**Provided data:**
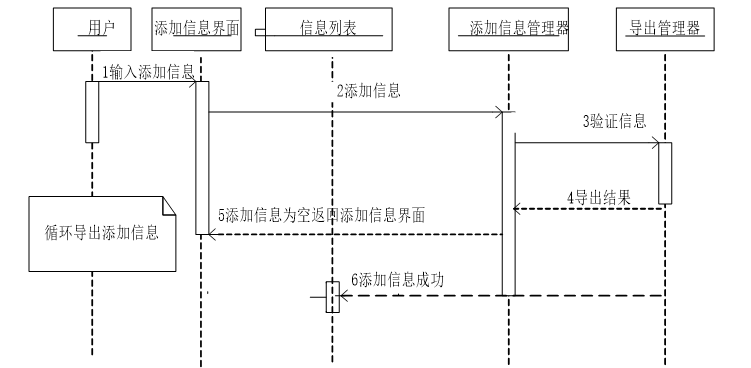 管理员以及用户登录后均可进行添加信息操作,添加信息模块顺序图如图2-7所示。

* * *

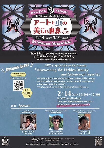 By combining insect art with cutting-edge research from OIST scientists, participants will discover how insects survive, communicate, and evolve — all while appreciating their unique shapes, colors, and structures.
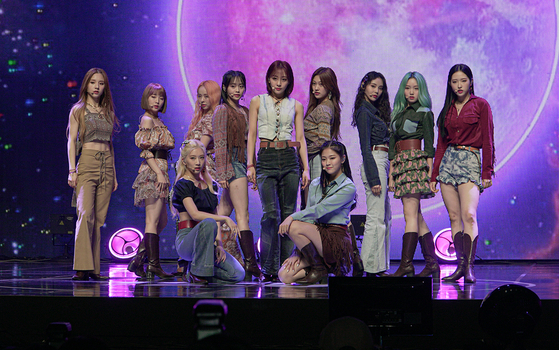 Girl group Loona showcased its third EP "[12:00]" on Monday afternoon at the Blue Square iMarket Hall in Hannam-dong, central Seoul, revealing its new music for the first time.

**Aim of the task:**
Copy nothing but the lines above that run from the one with "By combining insect" to the one with "Girl group Loona", ends included; pictures stay out.

**Answer to the exercise:**
 By combining insect art with cutting-edge research from OIST scientists, participants will discover how insects survive, communicate, and evolve — all while appreciating their unique shapes, colors, and structures.
 Girl group Loona showcased its third EP "[12:00]" on Monday afternoon at the Blue Square iMarket Hall in Hannam-dong, central Seoul, revealing its new music for the first time.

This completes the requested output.